▸ **Data records**
###
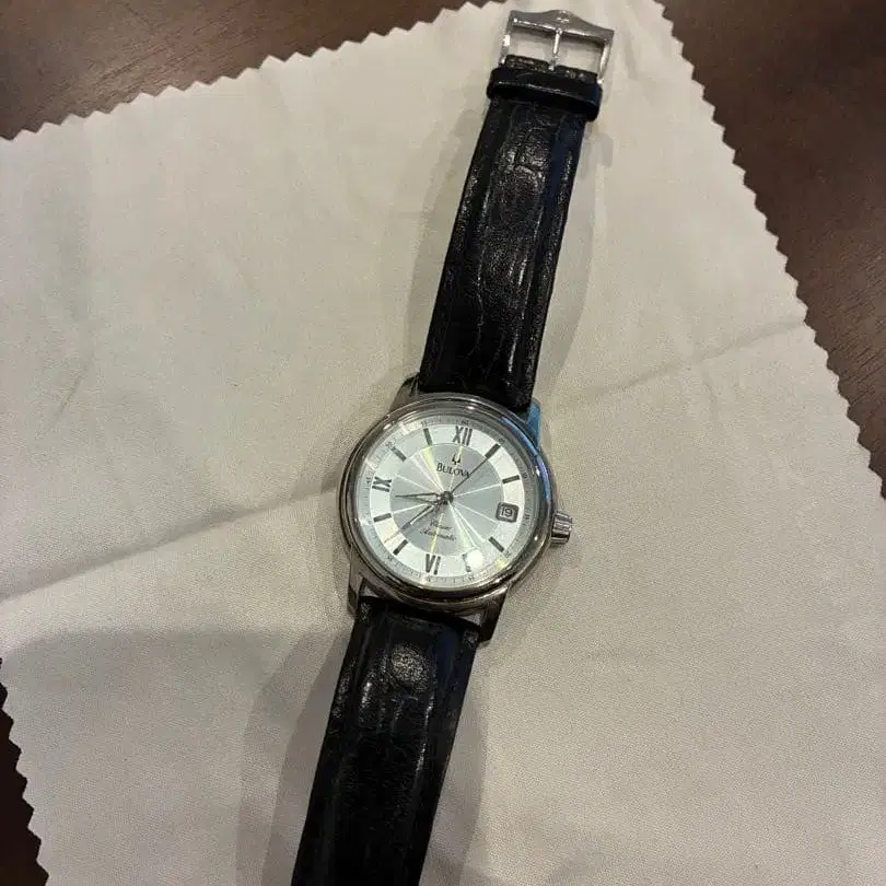 BULOVA 브로바 자동 시계입니다. 꽤 오래전에 구매하여 거의 사용하지 않고 보관했습니다. 현재 문제없이 작동하고 있습니다. 부속품은 없습니다. 또한 자동 시계의 특성상 언제 멈출지는 알 수 없으므로 이 점 양해 부탁드립니다. (도착 시 작동하지 않을 경우 연락 주세요.) 검토 잘 부탁드립니다.
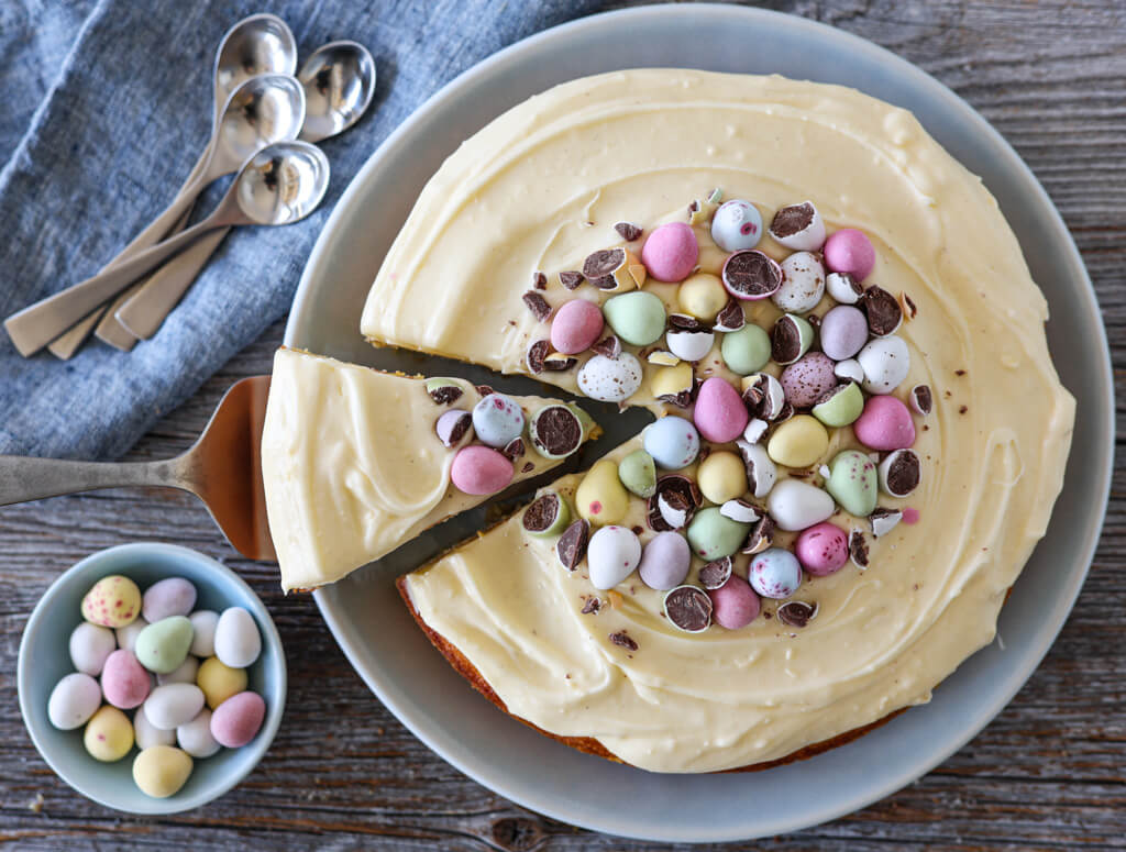 Denne saftige og enkle appelsinkaken er selve definisjonen på påskekos! Med frisk smak av appelsin, fløyelsmyk ostekrem med et hint av appelsin - og et fristende dryss av små, fargerike sjokoladeegg på toppen, blir den garantert en favoritt rundt påskebordet. Kaken dynkes med appelsinjuice rett etter steking, noe som gjør den ekstra saftig og smakfull. Prøv den du også!
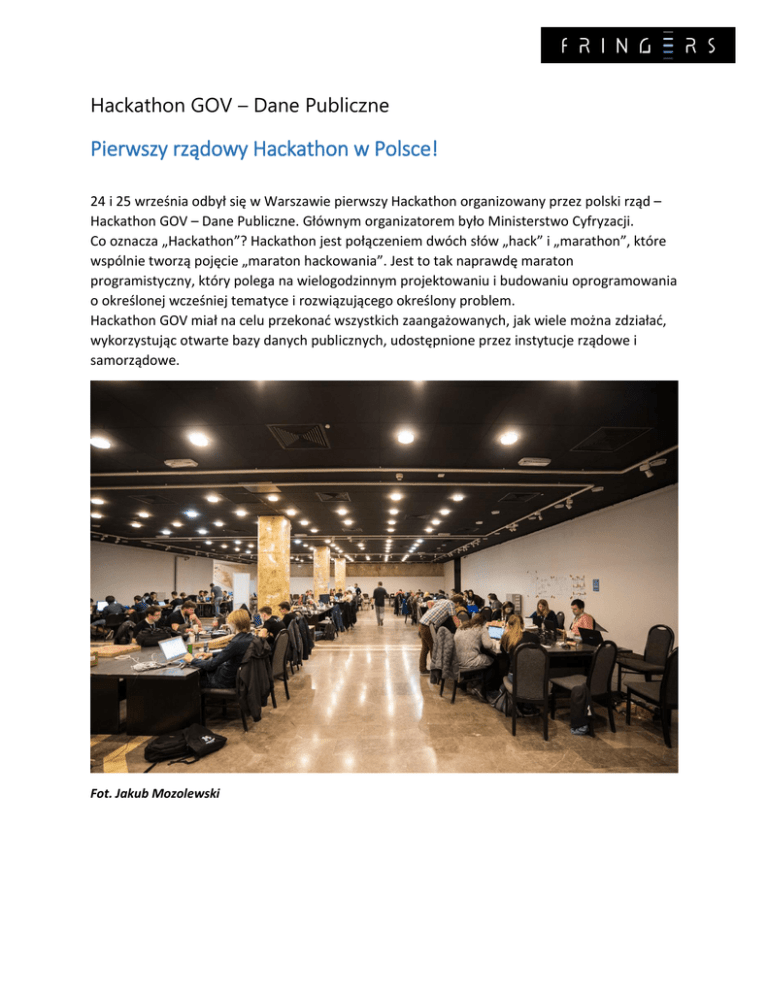 Hackathon GOV – Dane Publiczne Pierwszy rządowy Hackathon w Polsce! 24 i 25 września odbył się w Warszawie pierwszy Hackathon organizowany przez polski rząd – Hackathon GOV – Dane Publiczne. Głównym organizatorem było Ministerstwo Cyfryzacji. Co oznacza „Hackathon”? Hackathon jest połączeniem dwóch słów „hack” i „marathon”, które wspólnie tworzą pojęcie „maraton hackowania”. Jest to tak naprawdę maraton programistyczny, który polega na wielogodzinnym projektowaniu i budowaniu oprogramowania o określonej wcześniej tematyce i rozwiązującego określony problem. Hackathon GOV miał na celu przekonać wszystkich zaangażowanych, jak wiele można zdziałać, wykorzystując otwarte bazy danych publicznych, udostępnione przez instytucje rządowe i samorządowe. Fot. Jakub Mozolewski Jako zespół fringers reprezentujący Koło Naukowe Imagine Academy na Wydziale Matematyki i Informatyki Uniwersytetu Jagiellońskiego postanowiliśmy wziąć udział w Hackathonie, ponieważ byliśmy przekonani, że nasz pomysł rozwiąże „migrenowy problem” obywateli, będąc równocześnie pomocą w starciu z codziennymi obowiązkami. Nasza wspólna przygoda rozpoczęła się od wydarzeń, które wspólnie organizowaliśmy, później zaczęliśmy brać udział w różnych konkursach i hackathonach z własnymi projektami – i tak stworzyliśmy własny startup fringers. Na Hackathonie GOV, mającym miejsce w dniach 24-25 września w Warszawie, udało nam się zająć pierwsze miejsce z projektem eObywatel. Nasz projekt ma na celu usprawnić cały proces załatwienia spraw w urzędach, a aplikacja mobilna poprowadzić obywatela „za rękę” tak, aby przypadkiem o niczym nie zapominając, zakończył z sukcesem swoje sprawy w możliwie jak najkrótszym czasie. Dzięki wykorzystaniu danych publicznych uzyskaliśmy dostęp do wszystkich informacji na temat spraw w urzędach, do aktualnych w nich kolejek, mogliśmy wyświetlić listę najbliższych użytkownikowi kompetentnych urzędów i w efekcie zaprowadzić obywatela prosto do celu (a nawet zamówić mu ubera!). Dodaliśmy również możliwość rezerwacji miejsca w okienku w odpowiednim urzędzie. Ostatnie wolne chwile poświęciliśmy przygotowując również prototyp aplikacji na smartwatch Pebble, która wyświetlała użytkownikowi aktualną pozycję w kolejce. Plan wydawał się zbyt ambitny i bardzo ciężki do zrealizowania w tak ograniczonym czasie. Na szczęście, dzięki naszym wspólnym doświadczeniom, zgraniu i silnej pracy zespołowej wiedzieliśmy na co nas stać, a wraz z upływem czasu byliśmy coraz bardziej pewni, że uda nam się przygotować prototyp naprawdę nie najgorszej jakości. Udało nam się także zachwycić naszym projektem eObywatel Panią Minister Cyfryzacji Annę Strzeżyńską. Pani Minister od razu miała doskonałe wyobrażenie na temat połączenia naszej aplikacji z aktualnymi projektami Ministerstwa Cyfryzacji. Nagroda za zdobycie pierwszego miejsca to 18 000 zł oraz płatny staż w Centralnym Ośrodku Informatyki przy Ministerstwie Cyfryzacji. Wszyscy mieliśmy swoje aktualne obowiązki i niektórzy również stałą prace: „Płatny staż w urzędzie... to nie będzie raczej nic ciekawego ani atrakcyjnego.” - dokładnie tak myśleliśmy na początku. A teraz, już za miesiąc rozpoczniemy nową pracę dla polskiego rządu, a dokładniej dla polskich obywateli. We współpracy z Centralnym Ośrodkiem Informatyki i Ministerstwem Cyfryzacji będziemy realizować nasz projekt eObywatel, dzięki któremu stworzymy prawdziwą wartość dla obywateli i urzędów w Polsce! Śledźcie postępy naszego projektu eObywatel i pamiętajcie o nas. Do usłyszenia! – fringers Fabian Kapuscik Robert Kuna Aleksander Surman Jakub Król autor zdjęć – Jakub Mozolewski
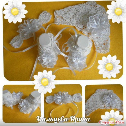 Тэги: чепчик, пинетки, повязка, для девочки, крючком
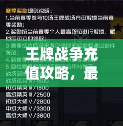 《王牌戰爭》作為一款熱門的競技類游戲,吸引了眾多玩家的參與,在游戲中,充值不僅可以加速游戲進程,還能讓玩家獲得更好的游戲體驗,本文將為大家帶來最新的王牌戰爭充值攻略,幫助大家在游戲中充值更明智、更實惠。
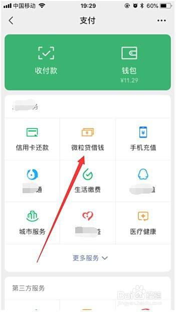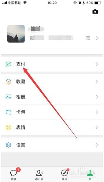 打开登录手机上面的微信后,点击“我”->“支付”,如图所示。
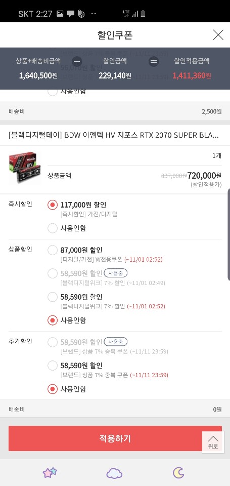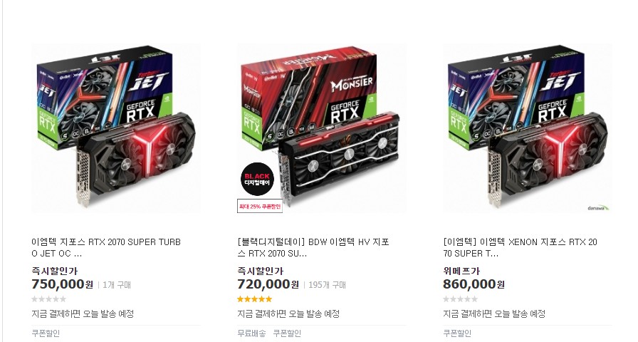 [블랙디지털데이] BDW 이엠텍 HV 지포스 RTX 2070 SUPER BLACK MONSTER OC D6 8G 제품을 구매할려고 하는데.. 여기서 불편한건 즉시할인가 720,000만원 클릭해서 들어가면 판매가는 837,000원에 올라와있습니다.
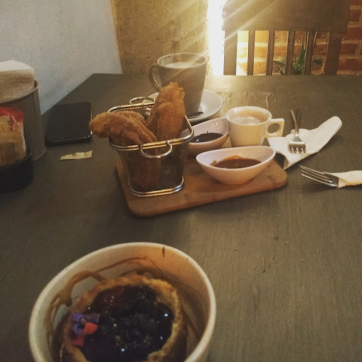 Desde la recepción me recibieron con una sonrisa enorme en el rostro. Fue de las meseras más atentas que hube conocido jamás. (En México) Por ahora mi opinión es sólo de la parte de la cafetería puesto que cuentan con dos secciones: Restaurante y cafetería. Siendo franco la selección era un poco pequeña, pero quizá prefiero eso a tener miles de "bebidas y postres" al grado que me agobia y no sé qué pedir. Hemos pedido un café americano, un frappé de chocofresa con leche normal, un cheesecake de frutos rojos y unos churros con chocolate. Personalmente yo pedí el cheesecake y el frappé pero también pude probar los churros. Estaba muy sorprendido de que el cheesecake fuera uno en miniatura, pero completo, no la típica rebanada. Parecía hecho ahí mismo y aunque me gusta más cuando entre ácido y dulce se inclina más a lo ácido, ¡FUE DELICIOSO! El frappé, lo mismo. Nada de atajos usando jarabes que terminan haciendo que todo sepa artificial, eran fresas de verdad y me parece que hasta una pequeña porción de mermelada al fondo, bastante refrescante. Por último, los churros, de buen tamaño y aunque dulces con un toque acidito en la masa que los hizo únicos, con ellos nos proveyeron de tres dulces para poder combinarlos: jarabe de chocolate, dulce D leche(cajeta) y una ración miniatura de leche con chocolate, ¡Quedé enormemente satisfecho!.
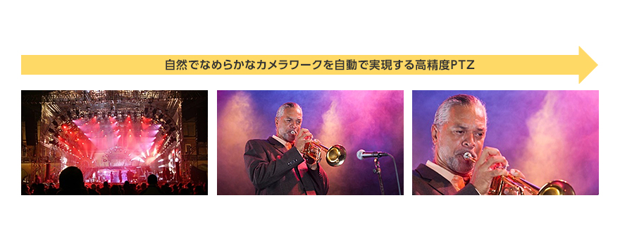 高速から低速まで多段階の速度変化が可能な高精度なPT(パン/チルト)駆動機構とズームを連動させた「スムーズPTZ」を搭載。
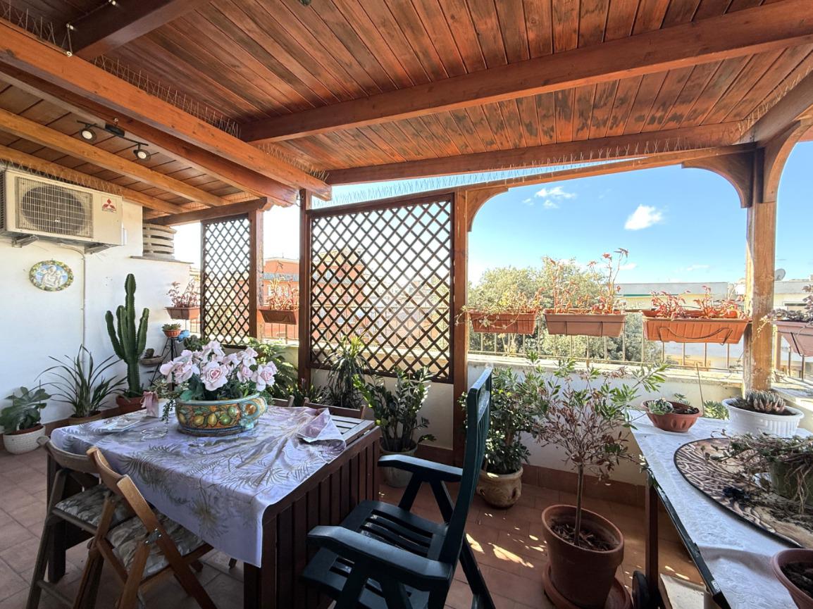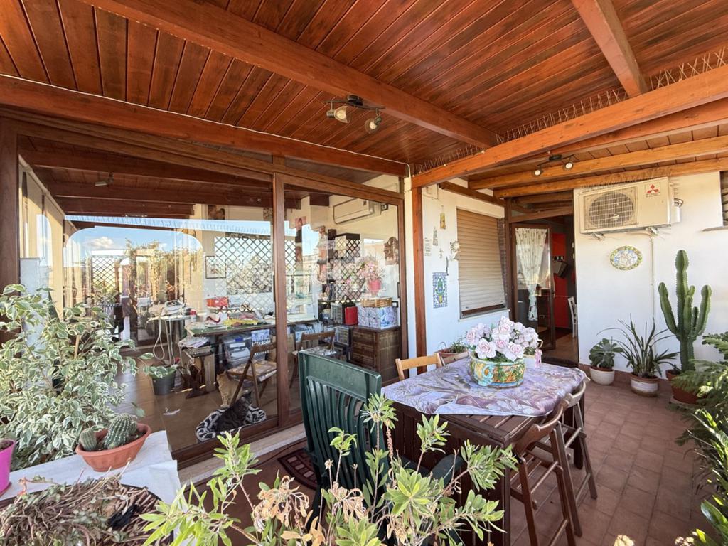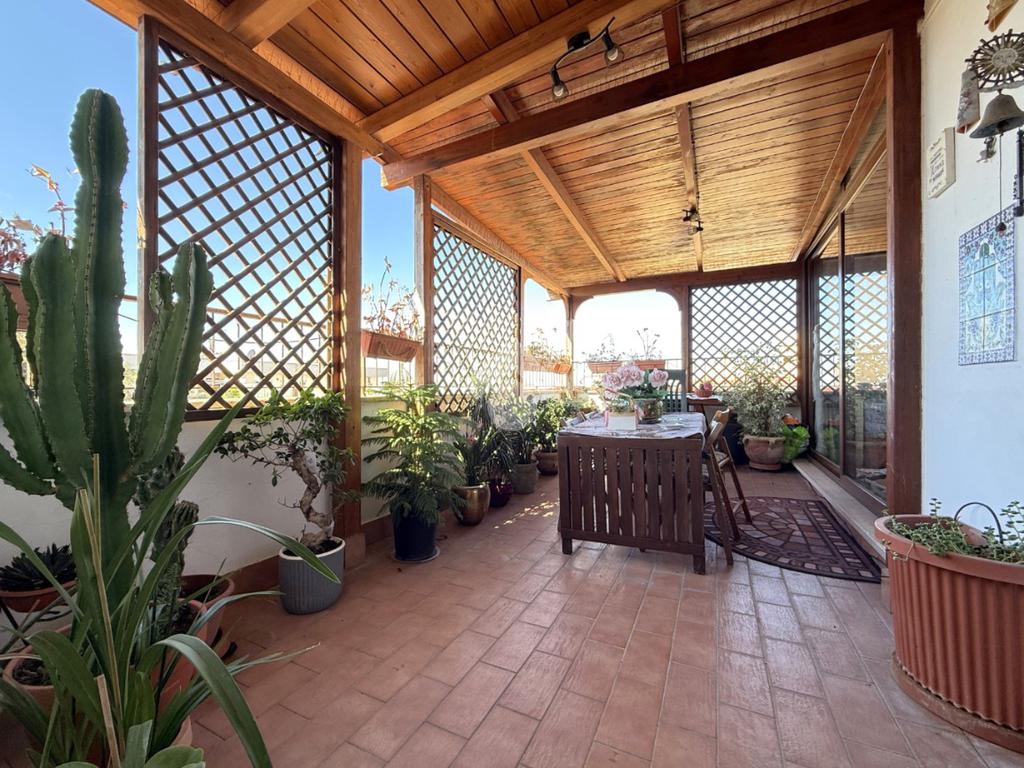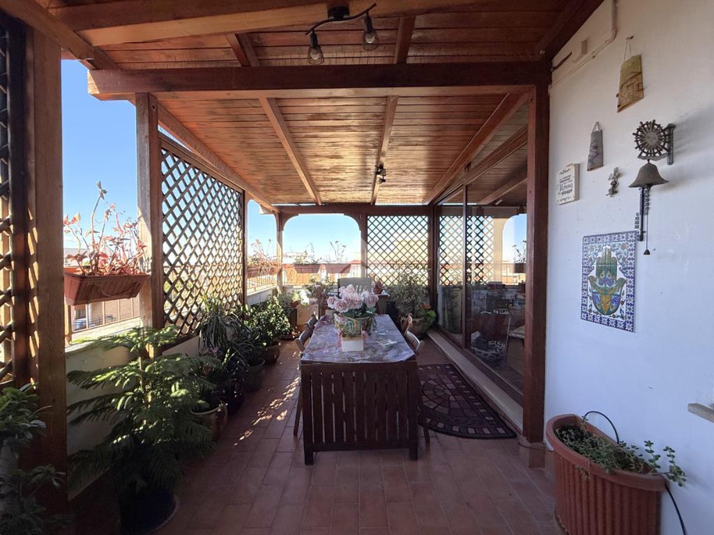 L'abitazione si sviluppa su una superficie calpestabile di 150 mq interni, possiede UNA meravigliosa TERRAZZA che la circonda agli entrambi i lati, in parte chiusa e in parte aperta, doppia esposizione (SUD/OVEST - NOR/OVEST) e si compone di:
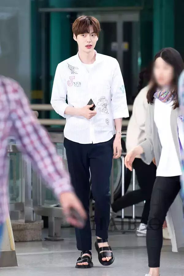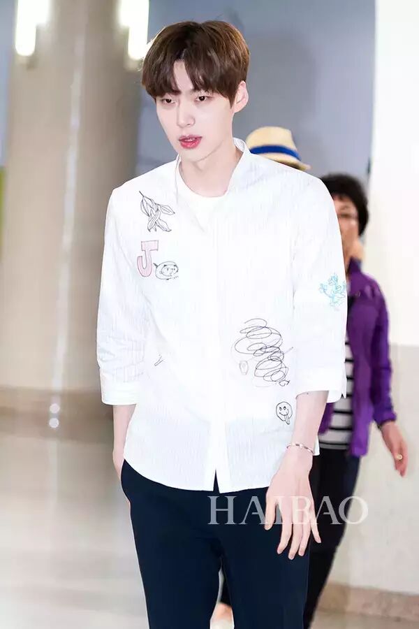 安宰贤2016年5月9日韩国金浦机场街拍:身着自己品牌AA.Gban与Chris.christy的合作款衬衫前往济州岛
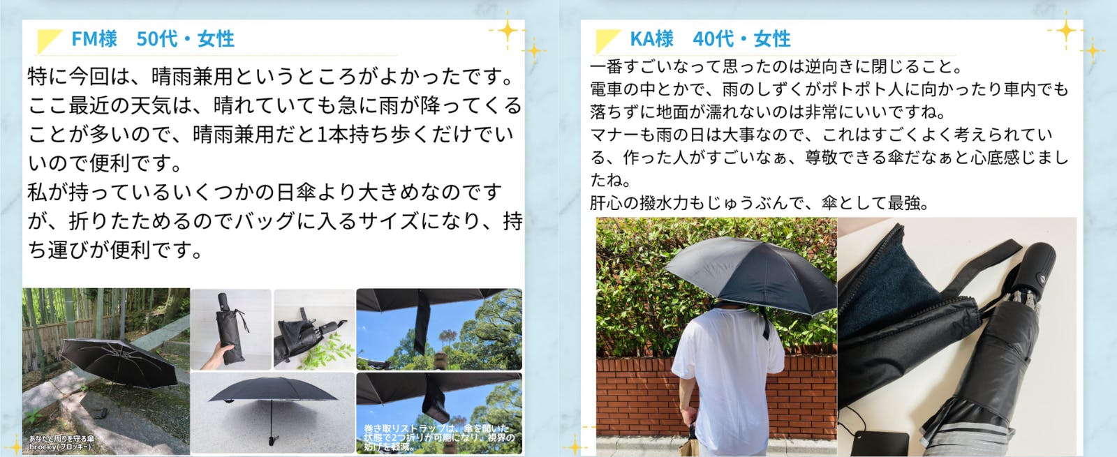 「brocky」を使えば、雨の日でも快適に過ごせるはずです。気分が明るくなれば、雨の日の通勤や外出も少し楽しくなるのではないでしょうか?
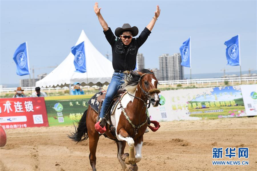 ↑8月5日,骑手隋博庆祝获胜。他以16.647秒的成绩夺得冠军。新华社记者刘磊摄
###
▸ **WORK ORDER**
From the line containing "安宰贤2016年5月9日韩国" to the last line of the entries, copy every line exactly, including both ends, and leave out the pictures.

▸ **THE COMPLETED TASK**
 安宰贤2016年5月9日韩国金浦机场街拍:身着自己品牌AA.Gban与Chris.christy的合作款衬衫前往济州岛
 「brocky」を使えば、雨の日でも快適に過ごせるはずです。気分が明るくなれば、雨の日の通勤や外出も少し楽しくなるのではないでしょうか?
 ↑8月5日,骑手隋博庆祝获胜。他以16.647秒的成绩夺得冠军。新华社记者刘磊摄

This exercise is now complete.